More recently, Mr. Weinglass was involved in the death-row appeals of Mumia Abu-Jamal, whose conviction in the 1981 killing of a Philadelphia police officer has been shrouded in allegations of racism, police corruption and judicial bias; and the Cuban 5, who were convicted in 2001 of conspiracy to commit espionage against the United States but who say they were monitoring Miami-based terrorist groups that target Cuba.
“He filed a brief on March 5 in that case, a post-conviction motion to vacate the conviction of his client,” said Michael Krinsky of the New York law firm Rabinowitz, Boudin, Standard, Krinsky & Lieberman, for whom Mr.
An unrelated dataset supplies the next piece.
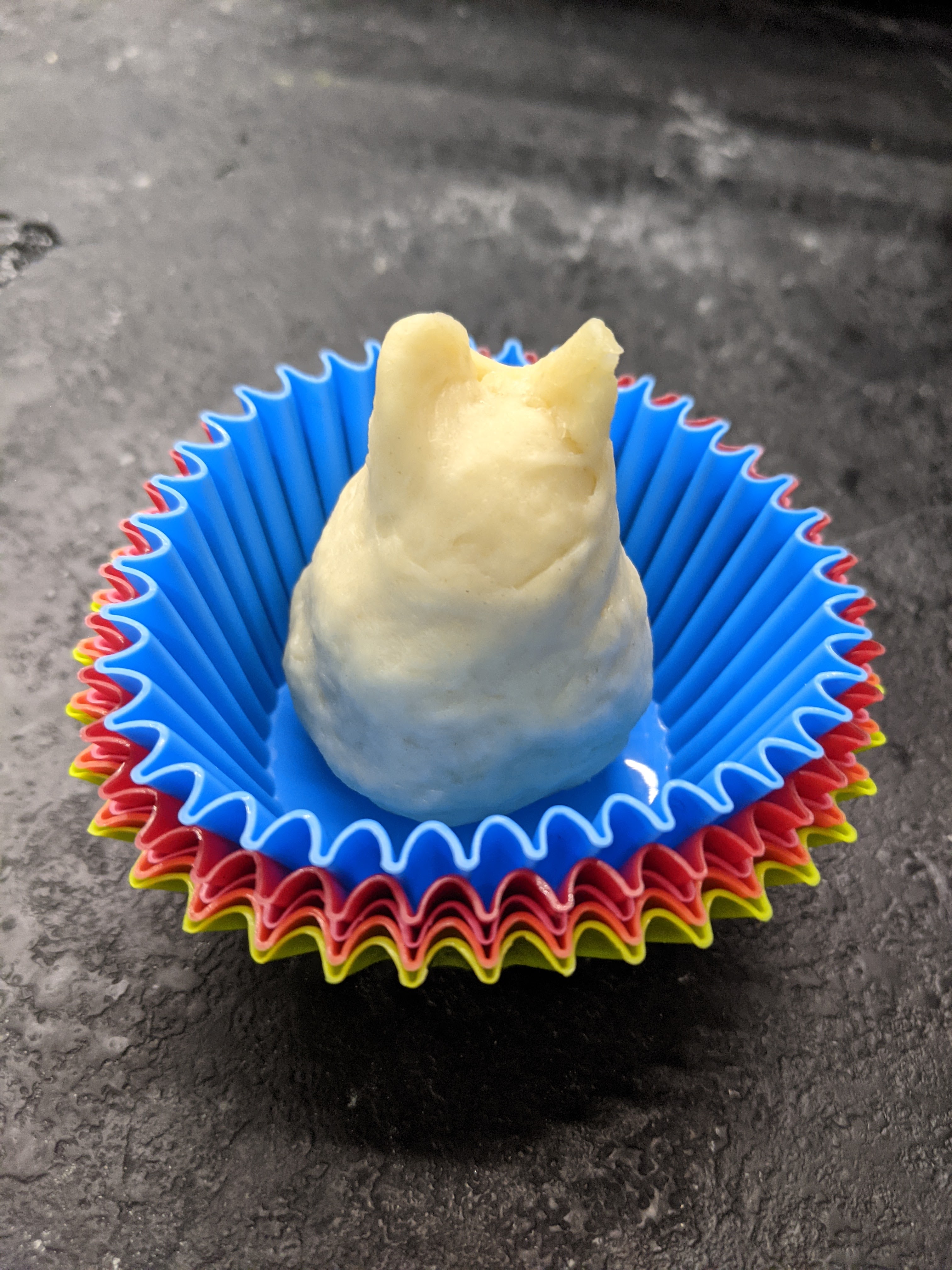 I didn’t have 12 little tart molds, so I used a muffin tin. They turned out fine so I don’t think you need the tart molds if you are just eating these at home. As I prepared to stick the filled tarts into the oven, Syl breezed by and said that we had to add black sesame to some of them because she’d heard about this, but it’s rare and it sounds delicious. So she busted out her bag of black sesame and stirred some into a couple of the egg tart fillings as a last minute experiment. What could possibly go wrong with butter, egg, and black sesame? Nothing! She also lent her hand to the extra dough and made a puff pastry Totoro*. Because who wouldn’t want that too?

Weinglass had worked since 1985. Mr. Krinsky, who called Mr. Weinglass “our era’s Clarence Darrow,” met him in 1969, in Newark.
“That was a rough place to be,” he said. “A police department and a city administration that was racist and as terrifying as any in America, and there was Lenny representing civil rights people, political people, ordinary people who got charged with stuff and got beat up by the cops. He did it without fame or fortune, and that’s what he kept doing, in one way or another.”